September 24th, 1990
A man accuses author Mort Rainey of stealing one of his story ideas. Rainey, who is going through an ugly divorce, attempts to prove to his accuser that his own story was published first, but all evidence to support his argument begins to disappear, along with the people who might confirm his case.
... I published a novel called Misery, which tried, at least in part, to illustrate the powerful hold fiction can achieve over the reader. I published The Dark Half, where I tried to explore the converse: the powerful hold fiction can achieve over the writer. While that book was between drafts, I started to think that there might be a way to tell both stories at the same time by approaching some of the plot elements of The Dark Half from a totally different angle. Writing, it seems to me, is a secret act--as secret as dreaming--and that was one aspect of this strange and dangerous craft I had never thought about much.

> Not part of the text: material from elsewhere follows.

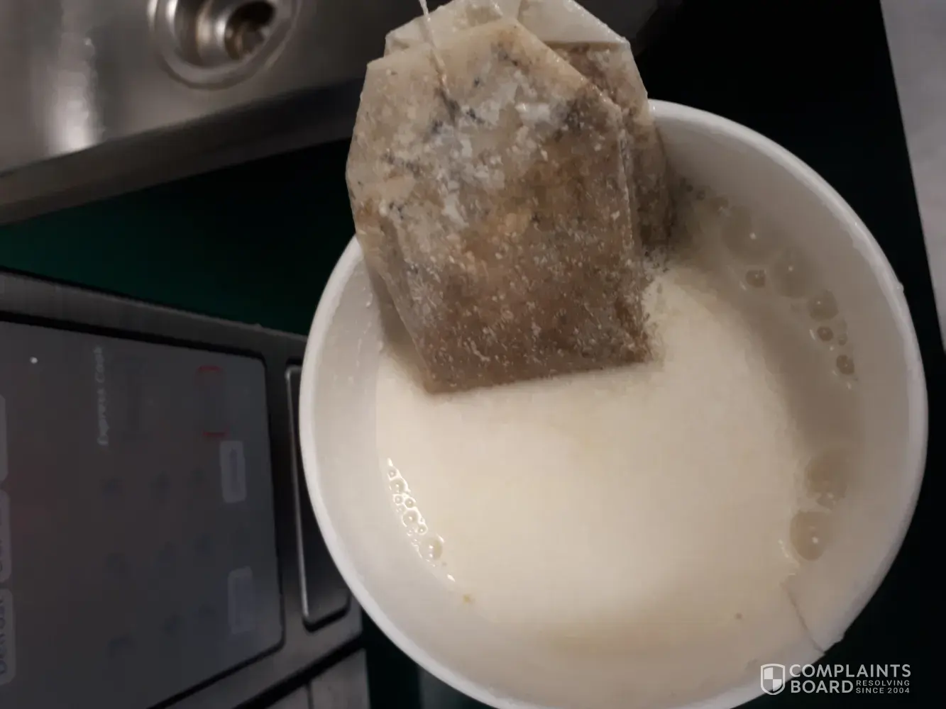 It was early morning On Sunday when I was going on the drive through at Tim Horton and I ordered larger cup of tea three S and two cream by drive through, then I came and pick it up. I didn't check it what employees did for my order after that when I got my work and I tried to drinking my tea oh [censor] big wrong and very bad service.

I knew that writers have from time to time revised old works--John Fowles did it with The Magus, and I have done it myself with The Stand--but revision was not what I had in mind. What I wanted to do was to take familar elements and put them together in an entirely new way. This I had tried to to at least once before, restructuring and updating the basic elements of Bram Stoker's Dracula to create 'Salem's Lot, and I was fairly comfortable with the idea.

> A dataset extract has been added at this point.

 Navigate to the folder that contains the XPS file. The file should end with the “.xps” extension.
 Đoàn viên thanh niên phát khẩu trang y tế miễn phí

One day in the late fall of 1987, while these things were tumbling around in my head, I stopped in the laundry room of our house to drop a dirty shirt in the washing machine. Our laundry room is a small, narrow alcove on the second floor. I disposed of the shirt and then stepped over to one of the room's two windows. It was casual curiosity, no more. We'd been living in the same house for eleven or twelve years, but I had never taken a good hard look out this particular window before. The reason is perfectly simple; set at floor level, mostly hidden behind the drier, half blocked by baskets of mending, it's a hard window to look out of.
I squeezed in, nevertheless, and looked out. That window looks down on a little brick-paved alcove between the house and the attached sunporch. It's an area I see just about every day . . . but the angle was new. My wife had set half a dozen pots out there, so the plants could take a little of the early-November sun, I suppose, and the result was a charming little garden which only I could see. The phrase which occurred to me was, of course, the title of this story. It seemed to me as good a metaphor as any for what writers--especially writers of fantasy--do with their days and nights. Sitting down at the typewriter or picking up a pencil is a physical act; the spiritual analogue is looking out of an almost forgotten window, a window which offers a common view from an entirely different angle . . . an angle which renders the common extraordinary. The writer's job is to gaze through that window and report on what he sees.
But sometimes windows break. I think that, more than anything else, is the concern of this story: what happens to the wide-eyed observer when the window between reality and unreality breaks and the glass begins to fly?